I'll have to look into hotels around the area. That or hightail it back from there to my home every day. I'm gonna burn so much money on gas x_x


----------



## fenblack (Mar 15, 2009)

I'll be going with my roommate, coming down from Newbury Park and camping nearby, hotels are crazy costly.


----------



## Anuvia (Mar 28, 2009)

I'm sure you know this by now but, I'll be there X3

I'm going to be rooming with McClain, Jello and three of her friends C:  Hopefully my Arcanine suit will be finished by then.

I'll also have a table XD


----------



## Sulfide (Mar 28, 2009)

Yeah well, if anyone passes the gay ass California Capitol of Sacramento you can give me and Kume a ride. May pool some other furs too.


----------



## amtrack88 (Apr 7, 2009)

I'm sure I'd be going. Like at Further Confusion, I'll have the Polaroid again. So everyone is welcome to ask me for free photos at CF. You can't miss it, it's a giant camera.


----------



## nek0chan (Apr 9, 2009)

=| everyone is getting hotels. i feel left out i am just driving down the street to get there


----------



## QuixoticMutt (Apr 11, 2009)

I'm in Bakersfield CA about an hour away. If anyone is coming from up north and going through the central valley, tell me


----------



## nek0chan (Apr 13, 2009)

isn't bakers field 2 hours away?


----------



## pretty-omi (Apr 15, 2009)

I live in the same town, and my boyfriend lives up the street, but we're bringing fursuits, so we got a hotel room.

Anyhow! Hey everyone! We're still looking for Conbook submissions, so if you'd like to submit a piece of art, a poem, or a short story, you have until April 26th! http://www.califur.com/con_book.php

Also, if you'd like to help promote the con, I have a flier anyone can print out as they please!
http://www.geocities.com/slayer2o0o/CF.5_Full3.0.pdf

Also, if anyone's looking for rides/people to share rooms with, I suggest joining the So Cal Furs Yahoo group (must be 18+) http://groups.yahoo.com/group/SoCalFurs/ ; Try making a post to the con's LJ account http://community.livejournal.com/califur/ ; and lastly you can even try the con forums themselves http://forum.califur.com/

Looking forward to having everyone at the con!


----------



## dakkar107 (Apr 16, 2009)

This will be my second year going to Califur - last year I ran a playtest of my "Hot Chicks: The Roleplaying Game" in Tabletop games; it's been finished since then, and we just released the "Yiffy, Yaoi, and Yahooey" supplement.  Should be a blast!

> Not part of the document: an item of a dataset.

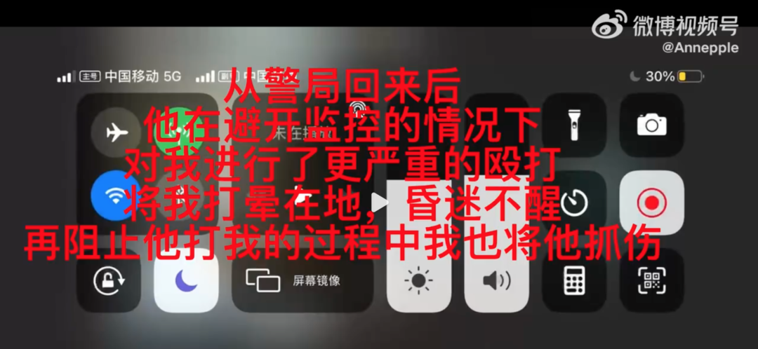 annapple说,每次打人时,他都会把监控掐断。得知妻子录了像,就立马将视频销毁、手机摔碎。

Glad to hear the venue has changed; the hotel DID seem to have some serious problems with customer relations, and a better arrangement with the Marriott would be a good thing.

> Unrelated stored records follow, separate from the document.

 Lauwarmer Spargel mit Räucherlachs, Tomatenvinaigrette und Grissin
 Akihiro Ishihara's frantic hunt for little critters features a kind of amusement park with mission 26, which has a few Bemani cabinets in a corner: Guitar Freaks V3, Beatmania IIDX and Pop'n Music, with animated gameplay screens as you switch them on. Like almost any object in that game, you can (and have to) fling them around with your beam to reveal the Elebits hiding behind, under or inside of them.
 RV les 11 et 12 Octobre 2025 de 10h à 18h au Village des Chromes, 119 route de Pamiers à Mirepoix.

I'm only half an hour away, but I got myself a room as well.  Hopefully folks will want some late night gaming, and I'd hate to have to trek back and forth on no sleep.


----------



## Meeew (Apr 19, 2009)

I'll be attending califur this year, it will be my first con :3!!


----------



## shinragod (Apr 19, 2009)

I'll definitely be there! first con ever and first time actually selling at one. I hope to meet great people as well as make a little bit of money too.
See you all there!


----------



## Waggs (Apr 26, 2009)

Okay. I live at the AFH with the new co-chair of Califur, Rainhopper Roo. And so, I get to hear a few things most don't (but that also means I get drafted for some stuff). 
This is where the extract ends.